Vögel zählen war der Anfang: Citizen-Science-Projekte haben immer größeren Zulauf. Auch an der LMU bringen sich Bürgerinnen und Bürger aktiv in die Forschung ein.

© picture alliance/dpa

„Raus aus dem Elfenbeinturm“ – diese Aufforderung wird oft ins Feld geführt, wenn es um Citizen Science geht. Bürgerbeteiligung wird von der Wissenschaftspolitik stark gefördert, in immer mehr Forschungsprojekte können sich interessierte Laien aktiv einbringen. An der LMU sind Beobachtungen zu Süßwasserquallen und Wildbienen, Beiträge zum alpenländischen Wortschatz, Monitoring zu Auswirkungen des Klimawandels oder die Verschlagwortung von Kunst nur einige Beispiele für Wissenschaft zum Mitmachen. Die Idee hinter Citizen Science ist nicht nur, neues Wissen zu generieren: Sie soll auch dazu beitragen, Wissenschaft in die Gesellschaft zu tragen und das Vertrauen zwischen Wissenschaft und Zivilgesellschaft zu stärken – gerade in Zeiten von Wissenschaftsskeptizismus und alternativen Fakten eine wichtige Aufgabe.

Dabei ist die Beteiligung von Amateuren an wissenschaftlichen Studien kein neues Phänomen: „Citizen Science hat eine viel längere Geschichte, als man gemeinhin annimmt“, sagt Henrike Rau, Professorin für Sozialgeographie mit Schwerpunkt Nachhaltigkeitsforschung am Department für Geographie. Im Rahmen des Citizen-Science-Verbundprojekts BAYSICS untersuchte die Geographin, wie Menschen auf Klimaschutzmaßnahmen blicken. Beispielsweise in der Biologie oder der Astronomie sind Menschen ohne formale Ausbildung seit Jahrhunderten an der Sammlung von Daten und Beobachtungen beteiligt – selbst Charles Darwin nahm streng genommen als Amateur an der Beagle-Expedition teil, da er eigentlich Theologe war. Als erste organisierte Zusammenarbeit von Bürgern und Wissenschaftlern gilt der von der Audubon Society in den USA veranstaltete Christmas Bird Count, eine Vogelzählung, die erstmals Weihnachten 1900 durchgeführt wurde und seither jährlich stattfindet.

Unterschiedliche Formate

„Citizen Science kommt ursprünglich sehr stark aus Bereichen wie Biologie und Ökologie, wo es darum ging, große Datensätze zusammenzutragen, für die es viele Köpfe braucht“, so Rau. Auch heute noch wird Citizen Science oft eingesetzt, um in einem Umfang Daten zu generieren, den Forschende alleine nicht bewältigen können. Auch durch die Digitalisierung gibt es immer neue Möglichkeiten für Bürgerbeteiligung in den verschiedensten Disziplinen. So muss man etwa dank moderner Bestimmungs-Apps bei vielen Fragestellungen kein eingefleischter Hobby-Ornithologe oder Pflanzenkundler mehr sein, um mitzumachen.

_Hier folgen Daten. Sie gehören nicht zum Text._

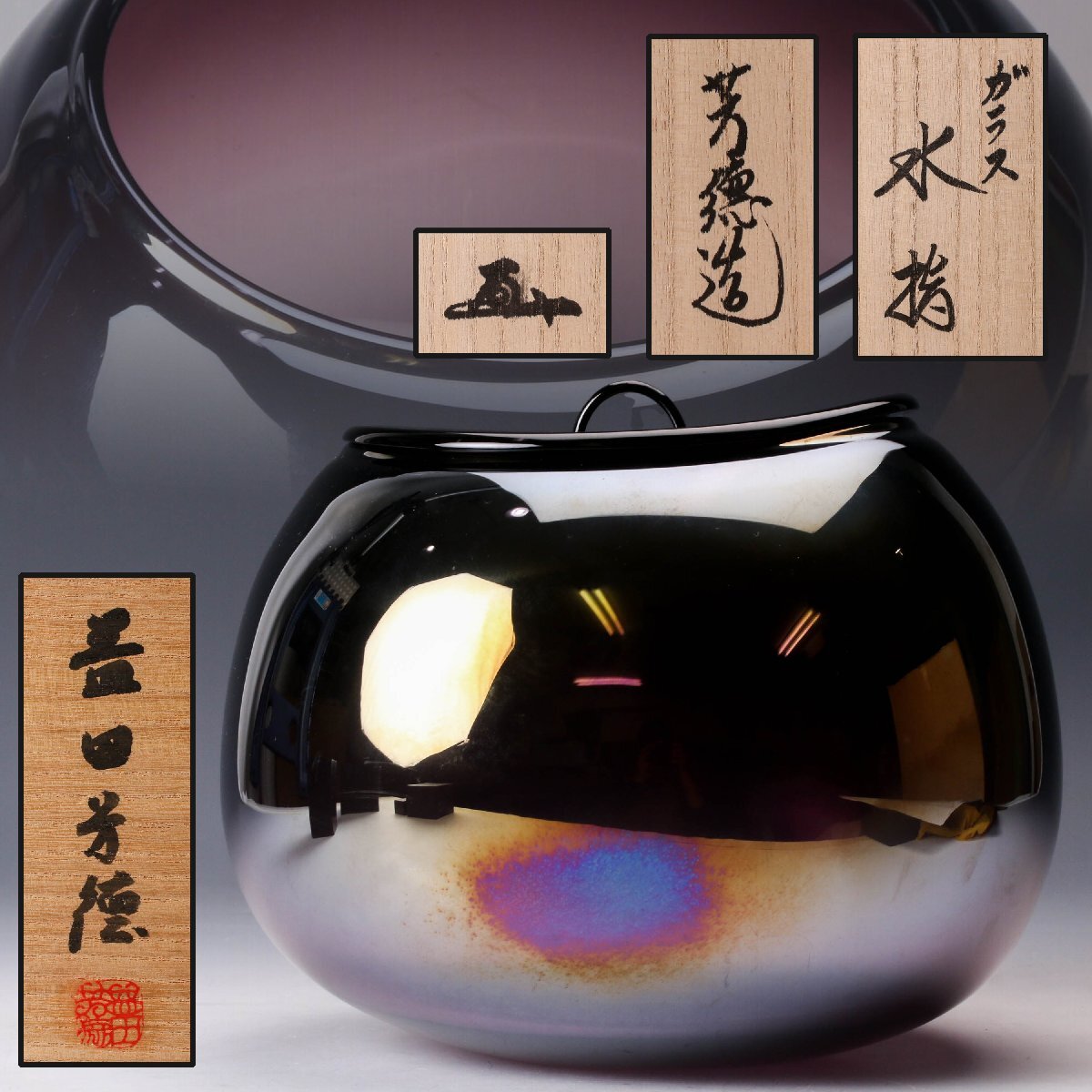 【佳香】益田芳徳 ガラス水指 裏千家十五代鵬雲斎(汎叟宗室)書付箱 塗蓋 茶道具 本物保証

Eine international einheitliche Definition für Citizen Science gibt es bisher nicht. Das vom BMBF geförderte Projekt ‚BürGEr schaffen Wissen – WISSen schafft Bürger (GEWISS)’ zur Entwicklung von Citizen Science schreibt in seinem Grünbuch „Citizen Science Strategie 2020 für Deutschland“: „Während der angloamerikanische Ansatz von Citizen Science meist die Beteiligung von Bürgerinnen und Bürgern bei der Datenerhebung in der Umweltforschung hervorhebt, ist das Verständnis in Deutschland breiter. Citizen Science umfasst die aktive Beteiligung von Bürgerinnen und Bürgern in verschiedenen Phasen des Forschungsprozesses in den Geistes-, Natur- und Sozialwissenschaften.“ Dementsprechend können sich hinter dem Begriff „Citizen Science“ ganz unterschiedliche Arten der Beteiligung verbergen: Vom einfachen Zur-Verfügung-Stellen von Ressourcen – etwa Rechenleistung von heimischen Computern – über das Sammeln von Daten bis hin zur komplett partizipativen Forschung, bei der die Bürgerforschenden auch in die Fragestellung, die Analyse und die Interpretation der Daten eingebunden sind.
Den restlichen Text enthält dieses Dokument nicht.